Encryption popularized
- Encryption: The act of transforming a message into a cipher-text. A cipher-text is an altered message that is protected by a secret. It is easier to get the message with the secret than it is without.
- Cipher: A cipher is a method of encryption. It can be thought as a mathematical function that transforms a plain-text, known as the message, into a cipher-text.
Encrypting data. You may have read about that dozens of times, but what does it means? Like a cooking recipe, you need a few ingredients to encrypt a message:
- The message: This is the element that we want to transmit in a way that is easy to read for our recipient, but hard to read for an eavesdropper.
- A shared secret: This is a bit of data both we and the recipient share, it may be a bit of data, or a mathematical property.
- A cipher function: There are numerous cipher functions, from simple ones that don't even have need for a secret to complex mathematical constructs.
An end-to-end encrypted cloud storage must resist attacks on its encryption, let's see what does this mean.
What does it means to be resilient?
Ciphers, also sometimes known as encryption schemes, have different properties. Let's go over the most basic ones:
- Key size: The amount of secret data the algorithm uses. Generally, we count that in bits. For example: 8 bits means that there are 256 possible keys; 2⁸ being equal to 256. This means that each bit makes the key twice as effective.
- Computational requirements: Ciphers take a different amount of time to compute. This makes them slower to use, but also safer. For example: the Salsa cipher has several variants: Salsa8, Salsa12 and Salsa20; the number at the end of the variant is the strengh of the variant: if it takes 1 second to encrypt something with Salsa8, it will take roughly \(\frac{20}{8} = 2.5\) seconds to encrypt with Salsa20. This is also valid for deciphering.
These basic properties describe how resilient a cipher is to what is called a brute-force attack. A brute-force attack consists in trying to decipher the data with all the possible keys until it makes sense.
You need to beware because while it may take 0.1 seconds to check for a key today, Moore law says that in 3 years, it will only take 0.025 seconds. This is equivalent to weakening the key by 1 bit every 1.5 years. This means that data in an encrypted cloud storage has a lifetime after which it is no longer safe. For a sufficiently encrypted data, that lifetime may be up to a few hundred years.
Linear cryptanalysis and other mathematical tricks
Linear cryptanalysis is one of the many techniques used to lower the resilience to attacks of a cipher. It uses the properties of the cipher to reduce the amount of possible keys that are needed to be examined. This means that the cipher used have to be checked for mathematical flaws regularly to ensure they remain safe for preservation in a cloud storage.
Side-channel attacks
Side-channels mean to break the secrecy by using data that is neither part of the cipher nor of the secret, but instead using data linked to the process itself. For example, some researchers could partially break an encryption scheme from a recording of the sound of a computer while it was encrypting the data. Remember that it means that lots of things can go wrong before you send your data to our encrypted cloud storage, meaning that we must make sure the code that runs on the computer that encrypts the data is safe.
Special attacks
Some ciphers can be attacked on their properties using different techniques like quantum computing for example. While it is unlikely an individual will be able to afford a quantum computer with sufficient capabilities anytime soon, large companies and countries can afford quantum computer nearly powerful enough. Quantum computing can however only solve a few very specific problems and hence can only break a select few ciphers.
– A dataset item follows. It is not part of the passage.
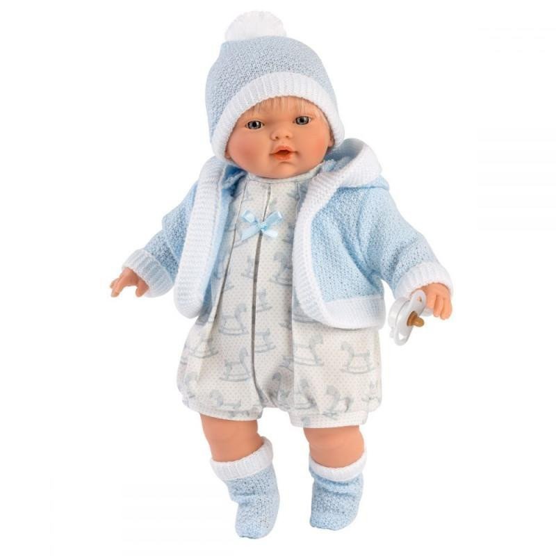 Talking doll with a soft fabric body and hair all over the head. When the pacifier is pulled from its mouth, the doll starts saying "mama", "papa" and makes the real sound of a crying baby. The doll can be soothed with the pacifier. Size 33 cm. The package includes 3 x LR44 button batteries. ***** The price includes a recycling contribution of 1 CZK excluding VAT.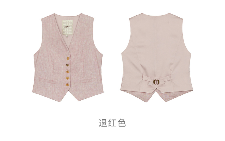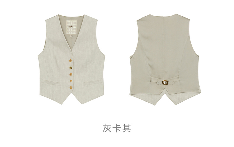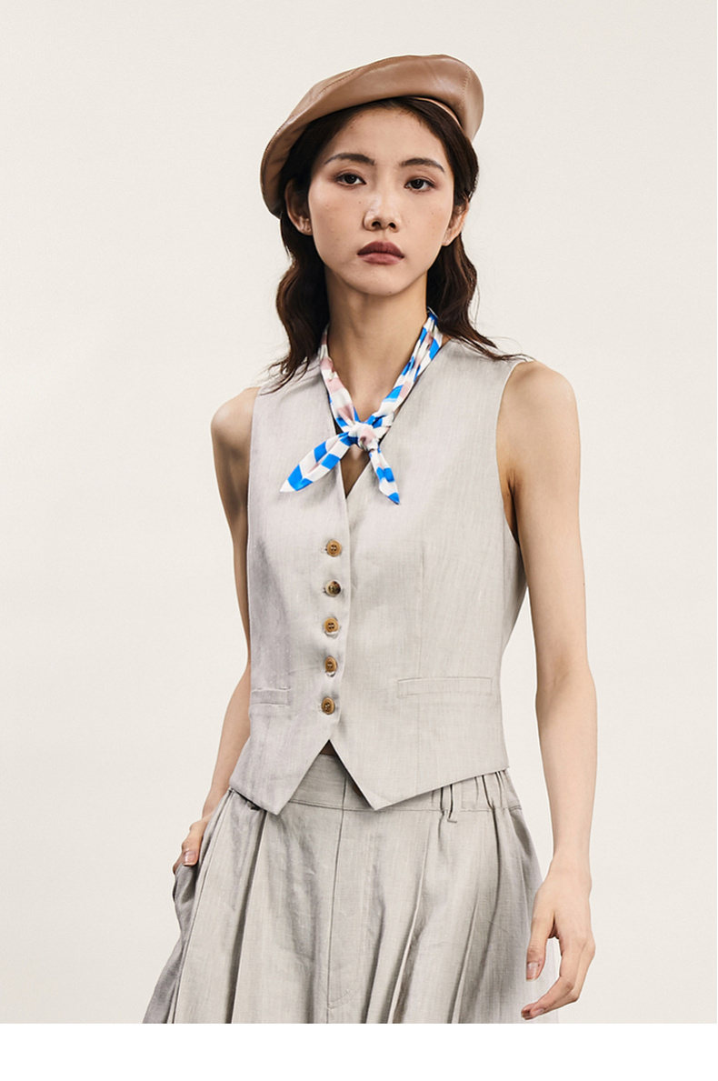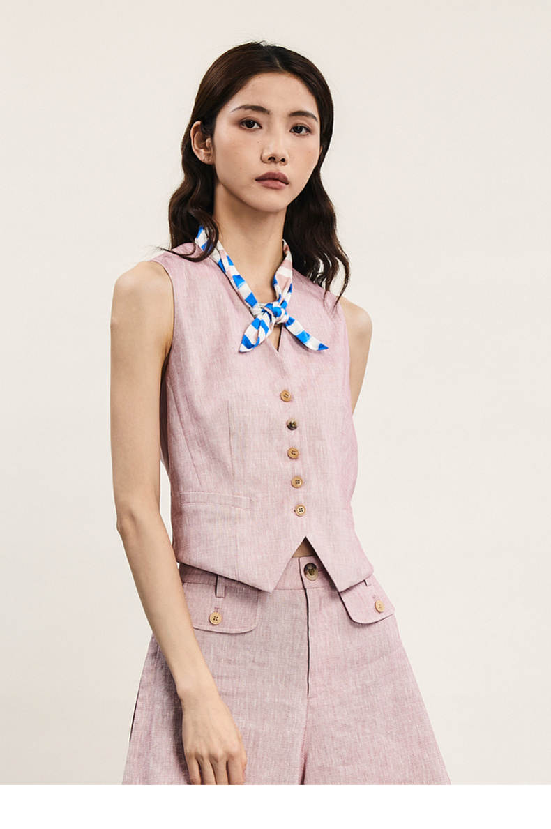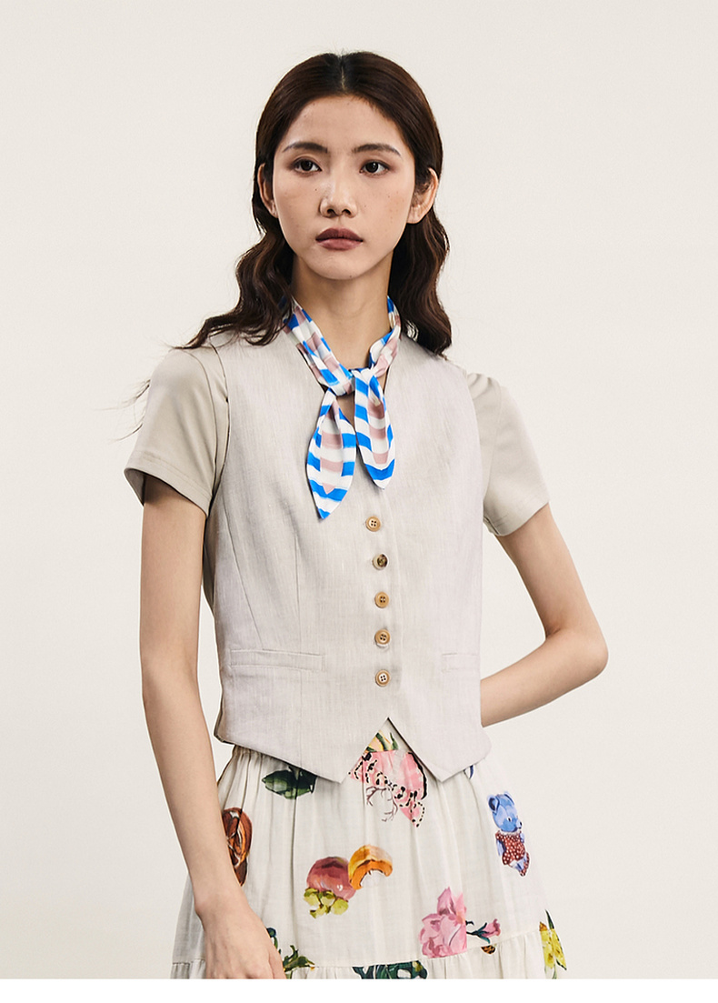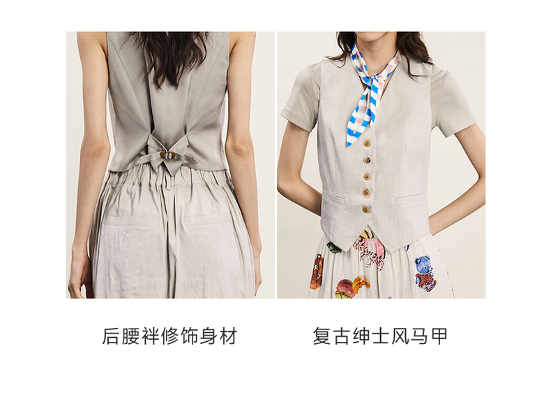 谜底短款马甲女士2024年夏新品复古风V领无袖上衣配丝巾242MM0552

The only perfect encryption
There is only one cipher that is considered perfect. It is called a One-Time Pad. It is a random key of the same size as the message that is mixed in piecewise with the data. Because no piece of the secret is used more than once, there is no pattern to examine. This means that the message could be any message of the same length.
This perfect scheme is usable in SStorage to protect the actual keys that you may use. This is part of the way SStorage ensure its security as an encrypted cloud storage.
Conclusion
Encryption is a critical piece for private safekeeping of information. Encrypted cloud storage is something that is primarily aimed at protecting the critical private data, for example medical or legal data.